Review: Sweet Revenge


Stockard Channing plays a young car thief who is trying to earn enough cash to buy her dream car, an expensive Ferrari. Sam Waterston plays the lawyer who tries his best to get through to the girl and put her onto the straight and narrow for good. But Channing is no ordinary car thief, she seems to have a compulsion for it, and can’t stop. Hell, it doesn’t even seem like she wants to. Franklyn Ajaye has a role as one of Channing’s associates.

 

The director of “Panic in Needle Park” and “Street Smart” strikes out with this dull 1976 film. Surprisingly, director Jerry Schatzberg takes what is pretty heavy subject matter, and turns what could’ve been reasonably gritty dramatic material, into a sudsy soap opera. Hell, given the main character’s involvement with cars, it could’ve even been turned into a fun exploitation film.
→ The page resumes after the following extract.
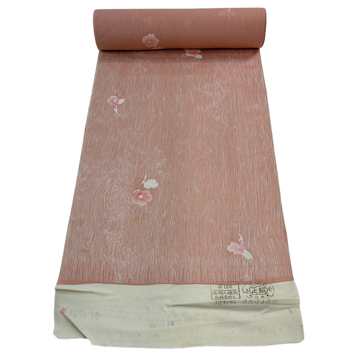 反物 秀品 小紋 草花 幾何学模様 サーモンピンク 正絹

It’s not nearly worthy of the ‘BOMB’ rating Leonard Maltin gave it- it’s too harmless for that. But it’s also completely toothless, superficial, insignificant, and frankly a bit sluggish. It’s not a terrible film, but one can easily see why it has been forgotten.

 

Stockard Channing is a fine and charismatic actress and pretty believable in the lead, but the girl can’t work miracles. It’s especially hard to sympathise with her character when she keeps fucking up, and the character doesn’t have much depth. We’re not really given any indication that she’s a Klepto or has some mental compulsion to be doing what she is doing. The romance between Channing and Sam Waterston is a bust too, because she’s unlikeable and he’s Sam Waterston. Sorry, but the guy is a block of wood and the stiffest actor around outside of a porno. Oh well, at least playing a lawyer isn’t exactly a stretch for the guy. The connection isn’t there. It’s also a shame that the multi-talented and versatile Franklyn Ajaye is wasted in a part that, although the actor is likeable, requires little more of him than to say ‘dig’ at least once per sentence.

 

Meanwhile, there aren’t even any cool cars or exciting car chases. You’d think the film would at least work on that level. But no, it’s not really a drive-in movie. No, this one’s just not worth seeing. It’s just...there. The superficial, underdone screenplay is by Marilyn Goldin (the French film “Camille Claudel”, of all films), B.J. Perla (her only significant credit), and Jor Van Kline.